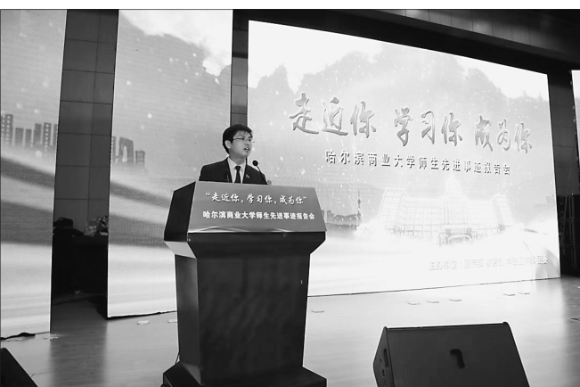 石贤平在哈商大师生先进事迹报告会上发言。 图片由受访者提供
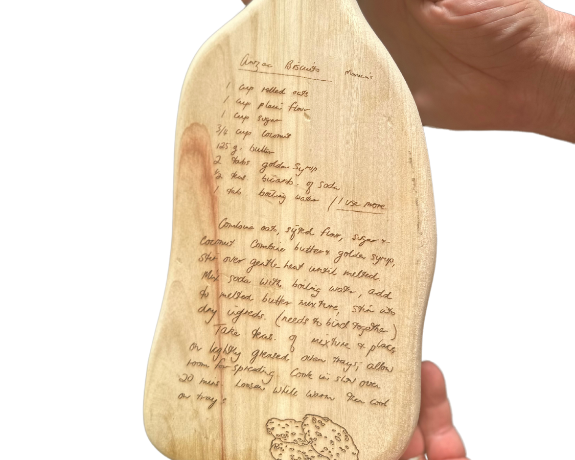 Our keepsake recipe boards are created by carefully tracing your handwritten recipe and engraving it into a beautiful timber board, preserving every detail exactly as it was written. The result is a truly personal piece that brings a loved one’s handwriting back to life, turning something once tucked away on paper into a timeless keepsake. Perfect as a meaningful gift or a piece to display in your kitchen, these boards are made to be treasured for years to come. Fill in the form below and upload your favourite recipe to get started creating your memory to treasure.
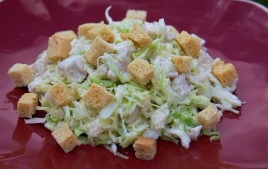 Этот вкусный, легкий и простой в приготовлении салатик, обязательно понравится своим пикантным вкусом и простотой приготовления! Ингредиенты 400 гр. куриного филе 150 гр. твердого сыра 400 гр. белокочанной капусты 100 гр. белого батона Майонез Соль и черный молотый перец по вкусу Приготовление Батон нарезаем маленькими квадратиками, посыплем солью и обжарим на капле растительного масла. Капусту нашинкуем посолим, помнем руками, чтобы дала сок. Курицу нарежем мелко и обжарим на растительном масле до готовности и золотистой корочки (можно просто отварить, а затем нарезать). Сыр натираем на треке, смешиваем с капустой и курицей, добавляем перец и перемешиваем. Перед подачей сверху выкладываем сухарики. Приятного аппетита!
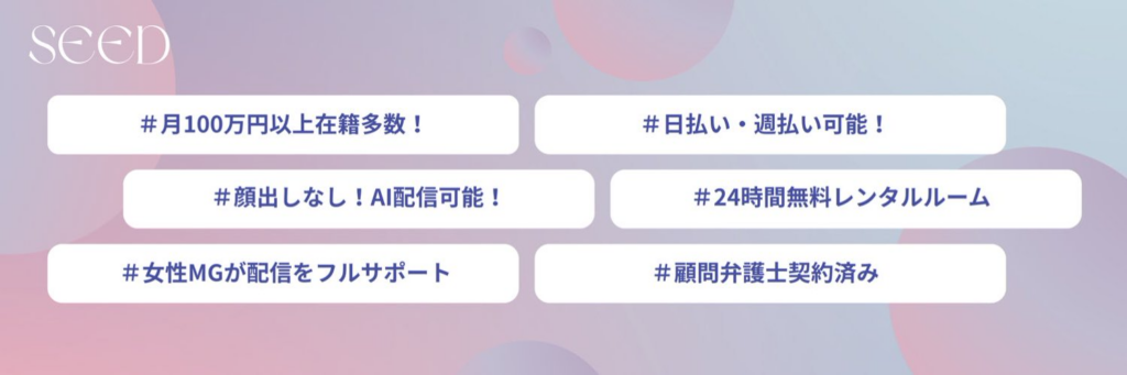 しかし、もしご自宅での配信が可能であれば、Fannall、SEED、AZUといった事務所で「在宅契約」をした方が、圧倒的に高い報酬率(還元率)を得られます。
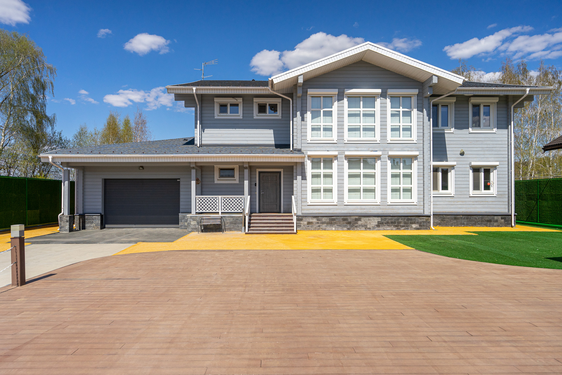 Дом построен с использованием современных технологий, шведская кровля, огнестойкий клееный сосновый брус, полностью отшлифован, обработан антисептиком, покрашен с наружной стороны, отбеленный внутри, торцы изолированы, обработан средствами против короеда. Централизованное отопление, вентиляция, кондиционирование, водоснабжение, резервный электрогенератор. Собственный SPA-комплекс, бассейн, хамам, спортзал. В доме встроенная техника, мебель, оборудованные санузлы, умный дом.
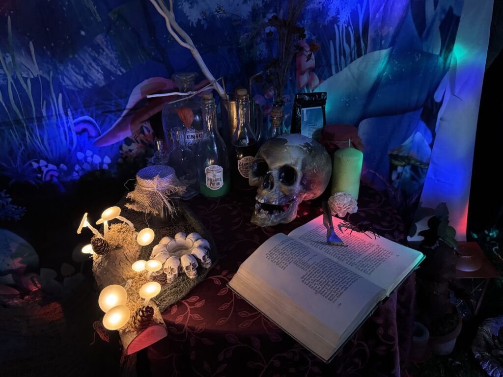 Wer es bis zur Hexenküche schaffte, konnte dort etwas verschnaufen – zumindest fast. Zwischen alten Büchern, glühenden Kesseln und geheimnisvollen Zutaten brodelte und dampfte es gewaltig. Besucher konnten hier allerlei “Zaubertränke” und “magische Rezepte” bestaunen, die mit sehr viel Liebe zum Detail aufgebaut wurden.
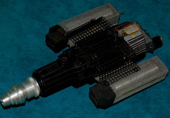 A sturdy molded rubber prop Romulan disruptor rifle made for Star Trek: Deep Space Nine painted metallic pewter with black, metallic copper, and purple accents. The sides of the prop feature purple painted ‘Romulan' character letters and the item measures approx. 19 X 2.75 X 9 inches. Several were used … |
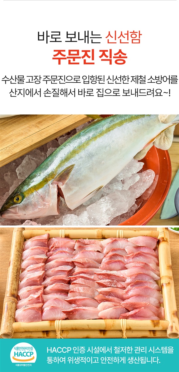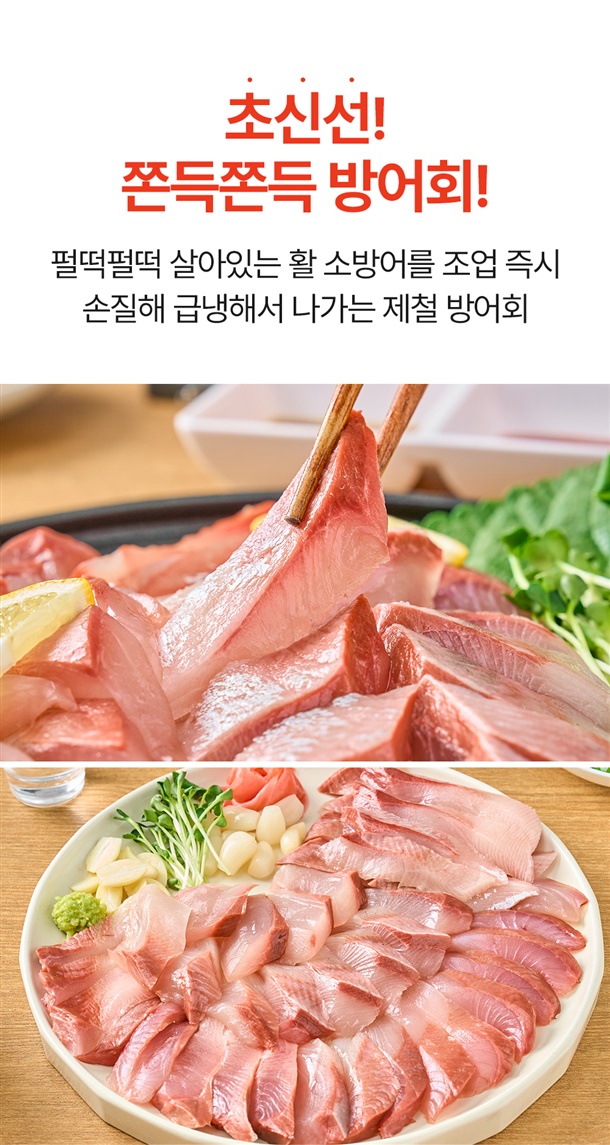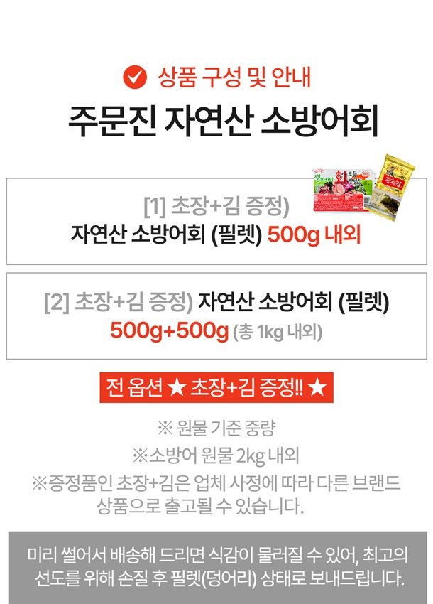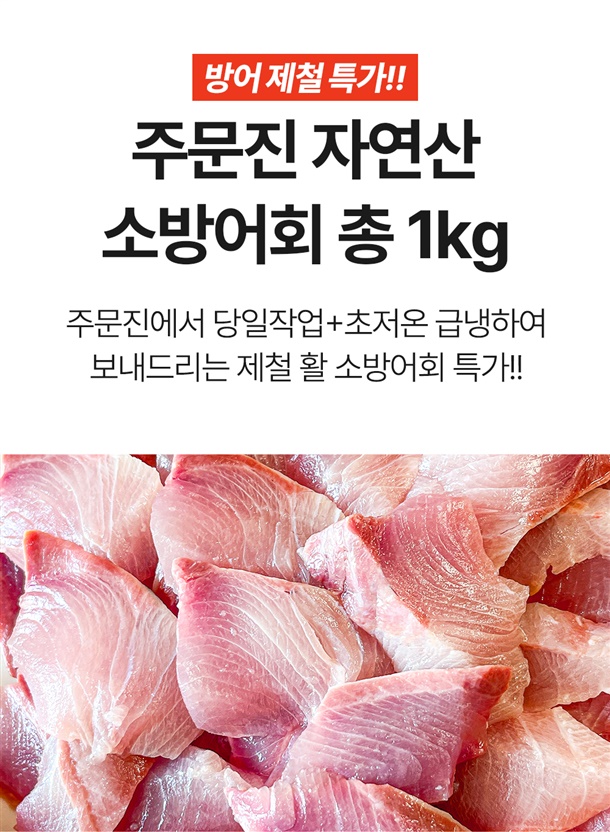 소방어회 500g 내외+생와사비회모듬양념장 120g+3대째 달인 미니 광천김 2g / 소방어회 1kg(500g+500g) 내외+생와사비회모듬양념장 120g+3대째 달인 미니 광천김 2g |
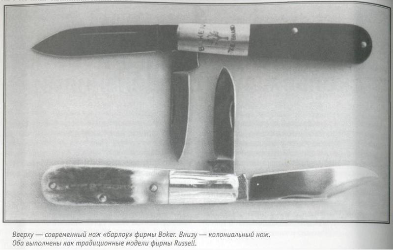 придавала дополнительный запас прочности относительно маленькому рабочему ножу. В тот период, когда Соединенные Штаты представляли собой по большей части сельскую местность, карманные ножи «барлоу» были повседневной необходимостью. Так происходит с любой моделью складного ножа: как только ножи «барлоу» фирмы Russell стали пользоваться успехом, все заводы - производители ножевых изделий последовали примеру фирмы-лидера и добавили подобные версии к ассортименту своей продукции. Большинство этих изделии были едва ли не точны+ми копиями ножей фирмы Russell, однако некоторые производители экспериментировали с размерами, формами клинков и материалами для рукояток. После Второй мировой войны стандартный нож «барлоу» постепенно утратил популярность среди пользователей ножей, однако такие фирмы, как Queen, Camillus и Boker, продолжают выпускать эту модель. Стандартный 3/ 3/8-дюймовый «барлоу» остается одним из прочнейших рабочих складных ножей своего размера. Фермеры разных поколений неоднократно доказывали, что если нож «барлоу» в верных руках, то работа будет сделана.
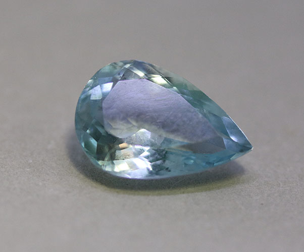 2,27 карата синьо-зелен аквамарин с форма на шлифовка – круша; Размер 11,79 х 7,92 x 4,7 мм, Чистота – прозрачен; произход – Афганистан
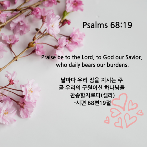 주님께서 선물로 주신 건강을 잘 관리하는 것이 주님의 뜻입니다. 예수님께서 우리를 모든 죄에서 구원하시고 모든 고통, 모든 병을 대신 짊어지셨습니다. 오늘도 날마다 우리의 짐을 대신 져주시는 주님께 염려 대신 감사와 기도로 마음과 생각을 지키는 승리의 날 되시길 축복합니다.
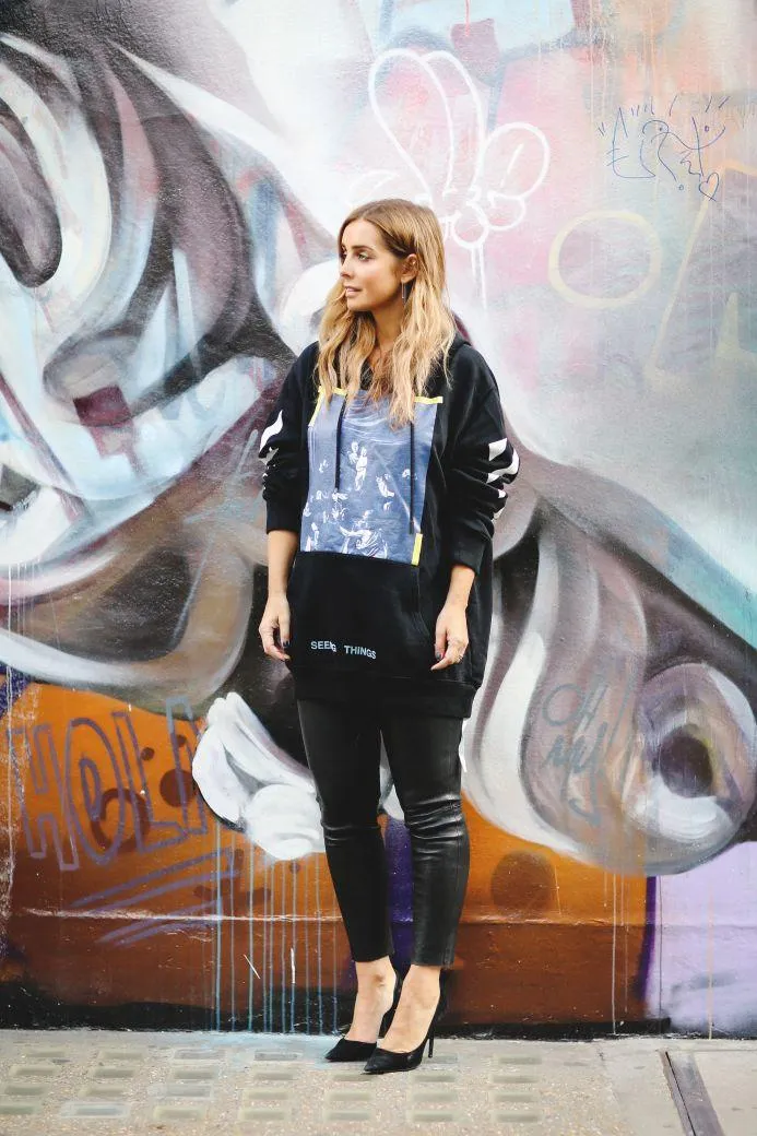 В то же время кофту с капюшоном теперь комбинируют с любым образом: и с каблуками, и с шелковыми юбками, и с кожаными штанами.
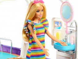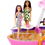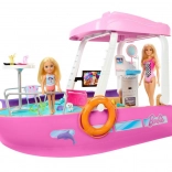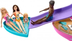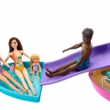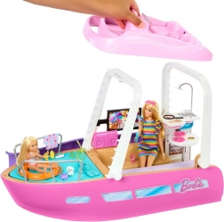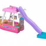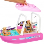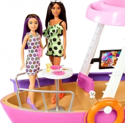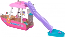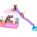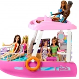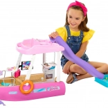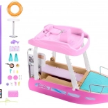 Această barcă stilată, cu dimensiuni de aproximativ 91 cm lățime și 30 cm înălțime, oferă mult spațiu pentru păpuși și prietenii lor. Copiii pot conduce barca pe puntea superioară, se pot relaxa la soare și pot aluneca pe toboganul mov direct în piscina albastră. Etajul superior detașabil dezvăluie un interior detaliat pentru joacă ușoară.
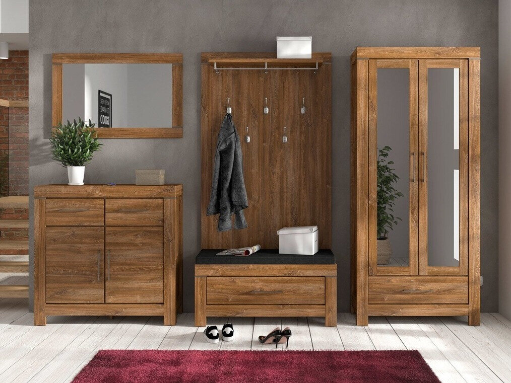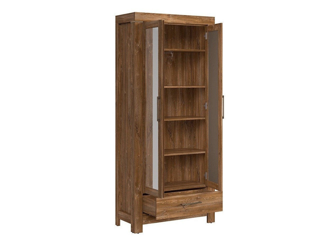Die Schlichtheit, die exklusiven Formen und die satten Farben der Fronten dieser Möbelkollektion fügen sich perfekt in eine Vielzahl von Innenräumen ein und sprechen sowohl Liebhaber des klassischen als auch des exklusiven Designs an. Die Möbelfronten zeigen ein deutlich sichtbares Holzdekor, das zusammen mit der Farbe der Eichenholzoptik „Stirling“ dem Haus Gemütlichkeit und Wärme verleiht, und das Ganze wird ästhetisch durch komfortable Metallgriffe ergänzt. Dank des breiten Sortiments können diese modularen Möbel in einer Vielzahl von Räumen im Haus erfolgreich eingesetzt und miteinander kombiniert werden, so dass Kombinationen entstehen, die den individuellen Bedürfnissen entsprechen. Die Innenräume der Schränke und Schubladen sind geräumig genug, um eine effiziente Aufbewahrung verschiedener Gegenstände zu gewährleisten, während die LED-Beleuchtung in den Vitrinen, Hängeregalen, TV-Tischen und Regalen einen Hauch von Romantik vermittelt. Die Vitrinen dieser Kollektion sind mit gehärtetem Glas ausgestattet, das eine viel höhere Festigkeit als gewöhnliches Glas aufweist. Die Möbelkollektion verfügt über einen geräuschlosen Schließmechanismus, der für mehr Komfort sorgt und es Ihnen ermöglicht, zusätzliche Geräusche bei der Verwendung von Schubladen oder Schränken zu vermeiden.
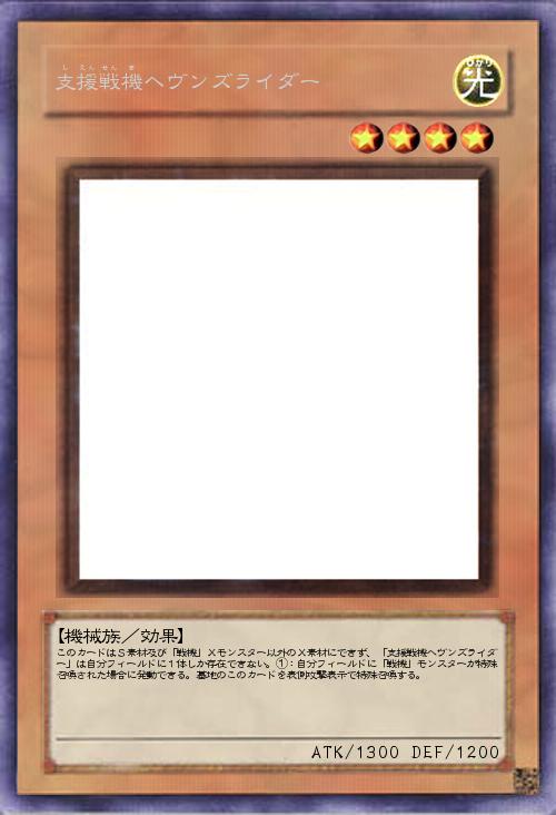 | このカードはS素材及び「戦機」Xモンスター以外のX素材にできず、「支援戦機ヘヴンズライダー」は自分フィールドに1体しか存在できない。①:自分フィールドに「戦機」モンスターが特殊召喚された場合に発動できる。墓地のこのカードを表側攻撃表示で特殊召喚する。 | |||
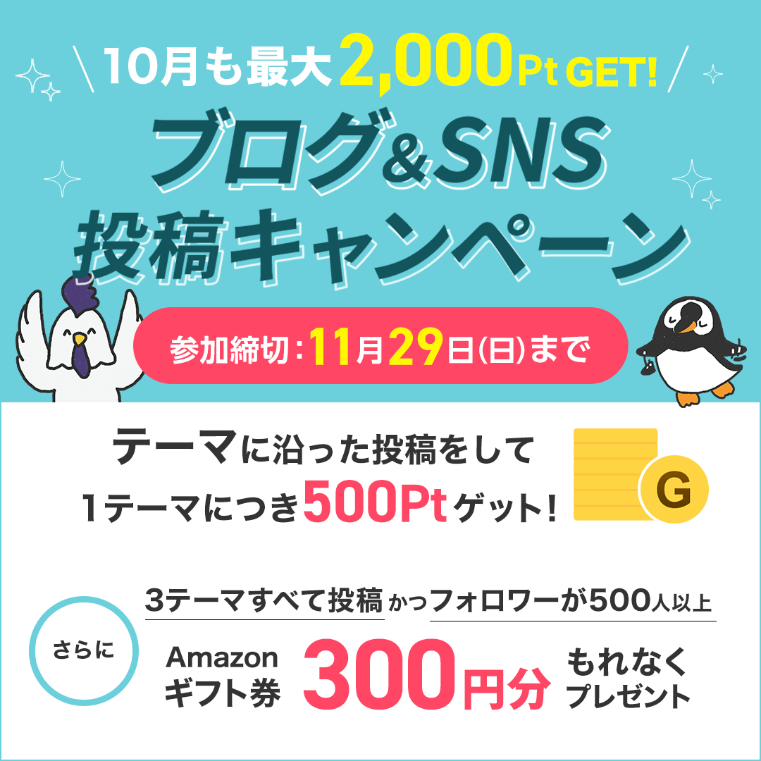 ポイントサイト『GetMoney』では、第16弾となる「ブログ&SNS投稿キャンペーン」11月版を実施中です。
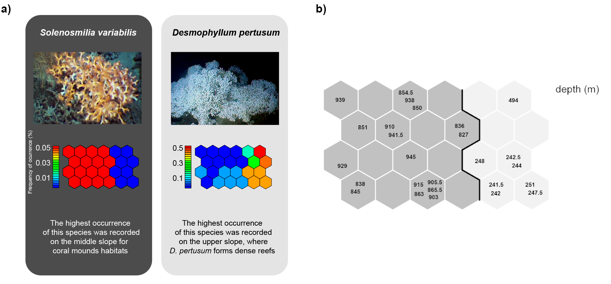Figure 2. a) Distribution patterns of the best match units taxa in the trained SOM (self-organizing map) based on the frequency of occurrence of deep-sea coral, and b) Distribution of sampling depths on the SOM. Each map corresponds to one taxon; these can be superimposed onto the map representing the cluster distribution of depths to show at which depths they are more frequently observed.

=======

▶ _TASK TO CARRY OUT_: Are you able to set down all the lines above exactly, without any pictures?

▶ _OUTPUT FOR THIS EXERCISE_:
 石贤平在哈商大师生先进事迹报告会上发言。 图片由受访者提供
 Our keepsake recipe boards are created by carefully tracing your handwritten recipe and engraving it into a beautiful timber board, preserving every detail exactly as it was written. The result is a truly personal piece that brings a loved one’s handwriting back to life, turning something once tucked away on paper into a timeless keepsake. Perfect as a meaningful gift or a piece to display in your kitchen, these boards are made to be treasured for years to come. Fill in the form below and upload your favourite recipe to get started creating your memory to treasure.
 Этот вкусный, легкий и простой в приготовлении салатик, обязательно понравится своим пикантным вкусом и простотой приготовления! Ингредиенты 400 гр. куриного филе 150 гр. твердого сыра 400 гр. белокочанной капусты 100 гр. белого батона Майонез Соль и черный молотый перец по вкусу Приготовление Батон нарезаем маленькими квадратиками, посыплем солью и обжарим на капле растительного масла. Капусту нашинкуем посолим, помнем руками, чтобы дала сок. Курицу нарежем мелко и обжарим на растительном масле до готовности и золотистой корочки (можно просто отварить, а затем нарезать). Сыр натираем на треке, смешиваем с капустой и курицей, добавляем перец и перемешиваем. Перед подачей сверху выкладываем сухарики. Приятного аппетита!
 しかし、もしご自宅での配信が可能であれば、Fannall、SEED、AZUといった事務所で「在宅契約」をした方が、圧倒的に高い報酬率(還元率)を得られます。
 Дом построен с использованием современных технологий, шведская кровля, огнестойкий клееный сосновый брус, полностью отшлифован, обработан антисептиком, покрашен с наружной стороны, отбеленный внутри, торцы изолированы, обработан средствами против короеда. Централизованное отопление, вентиляция, кондиционирование, водоснабжение, резервный электрогенератор. Собственный SPA-комплекс, бассейн, хамам, спортзал. В доме встроенная техника, мебель, оборудованные санузлы, умный дом.
 Wer es bis zur Hexenküche schaffte, konnte dort etwas verschnaufen – zumindest fast. Zwischen alten Büchern, glühenden Kesseln und geheimnisvollen Zutaten brodelte und dampfte es gewaltig. Besucher konnten hier allerlei “Zaubertränke” und “magische Rezepte” bestaunen, die mit sehr viel Liebe zum Detail aufgebaut wurden.
 A sturdy molded rubber prop Romulan disruptor rifle made for Star Trek: Deep Space Nine painted metallic pewter with black, metallic copper, and purple accents. The sides of the prop feature purple painted ‘Romulan' character letters and the item measures approx. 19 X 2.75 X 9 inches. Several were used … |
 소방어회 500g 내외+생와사비회모듬양념장 120g+3대째 달인 미니 광천김 2g / 소방어회 1kg(500g+500g) 내외+생와사비회모듬양념장 120g+3대째 달인 미니 광천김 2g |
 придавала дополнительный запас прочности относительно маленькому рабочему ножу. В тот период, когда Соединенные Штаты представляли собой по большей части сельскую местность, карманные ножи «барлоу» были повседневной необходимостью. Так происходит с любой моделью складного ножа: как только ножи «барлоу» фирмы Russell стали пользоваться успехом, все заводы - производители ножевых изделий последовали примеру фирмы-лидера и добавили подобные версии к ассортименту своей продукции. Большинство этих изделии были едва ли не точны+ми копиями ножей фирмы Russell, однако некоторые производители экспериментировали с размерами, формами клинков и материалами для рукояток. После Второй мировой войны стандартный нож «барлоу» постепенно утратил популярность среди пользователей ножей, однако такие фирмы, как Queen, Camillus и Boker, продолжают выпускать эту модель. Стандартный 3/ 3/8-дюймовый «барлоу» остается одним из прочнейших рабочих складных ножей своего размера. Фермеры разных поколений неоднократно доказывали, что если нож «барлоу» в верных руках, то работа будет сделана.
 2,27 карата синьо-зелен аквамарин с форма на шлифовка – круша; Размер 11,79 х 7,92 x 4,7 мм, Чистота – прозрачен; произход – Афганистан
 주님께서 선물로 주신 건강을 잘 관리하는 것이 주님의 뜻입니다. 예수님께서 우리를 모든 죄에서 구원하시고 모든 고통, 모든 병을 대신 짊어지셨습니다. 오늘도 날마다 우리의 짐을 대신 져주시는 주님께 염려 대신 감사와 기도로 마음과 생각을 지키는 승리의 날 되시길 축복합니다.
 В то же время кофту с капюшоном теперь комбинируют с любым образом: и с каблуками, и с шелковыми юбками, и с кожаными штанами.
 Această barcă stilată, cu dimensiuni de aproximativ 91 cm lățime și 30 cm înălțime, oferă mult spațiu pentru păpuși și prietenii lor. Copiii pot conduce barca pe puntea superioară, se pot relaxa la soare și pot aluneca pe toboganul mov direct în piscina albastră. Etajul superior detașabil dezvăluie un interior detaliat pentru joacă ușoară.
Die Schlichtheit, die exklusiven Formen und die satten Farben der Fronten dieser Möbelkollektion fügen sich perfekt in eine Vielzahl von Innenräumen ein und sprechen sowohl Liebhaber des klassischen als auch des exklusiven Designs an. Die Möbelfronten zeigen ein deutlich sichtbares Holzdekor, das zusammen mit der Farbe der Eichenholzoptik „Stirling“ dem Haus Gemütlichkeit und Wärme verleiht, und das Ganze wird ästhetisch durch komfortable Metallgriffe ergänzt. Dank des breiten Sortiments können diese modularen Möbel in einer Vielzahl von Räumen im Haus erfolgreich eingesetzt und miteinander kombiniert werden, so dass Kombinationen entstehen, die den individuellen Bedürfnissen entsprechen. Die Innenräume der Schränke und Schubladen sind geräumig genug, um eine effiziente Aufbewahrung verschiedener Gegenstände zu gewährleisten, während die LED-Beleuchtung in den Vitrinen, Hängeregalen, TV-Tischen und Regalen einen Hauch von Romantik vermittelt. Die Vitrinen dieser Kollektion sind mit gehärtetem Glas ausgestattet, das eine viel höhere Festigkeit als gewöhnliches Glas aufweist. Die Möbelkollektion verfügt über einen geräuschlosen Schließmechanismus, der für mehr Komfort sorgt und es Ihnen ermöglicht, zusätzliche Geräusche bei der Verwendung von Schubladen oder Schränken zu vermeiden.
 | このカードはS素材及び「戦機」Xモンスター以外のX素材にできず、「支援戦機ヘヴンズライダー」は自分フィールドに1体しか存在できない。①:自分フィールドに「戦機」モンスターが特殊召喚された場合に発動できる。墓地のこのカードを表側攻撃表示で特殊召喚する。 | |||
 ポイントサイト『GetMoney』では、第16弾となる「ブログ&SNS投稿キャンペーン」11月版を実施中です。
Figure 2. a) Distribution patterns of the best match units taxa in the trained SOM (self-organizing map) based on the frequency of occurrence of deep-sea coral, and b) Distribution of sampling depths on the SOM. Each map corresponds to one taxon; these can be superimposed onto the map representing the cluster distribution of depths to show at which depths they are more frequently observed.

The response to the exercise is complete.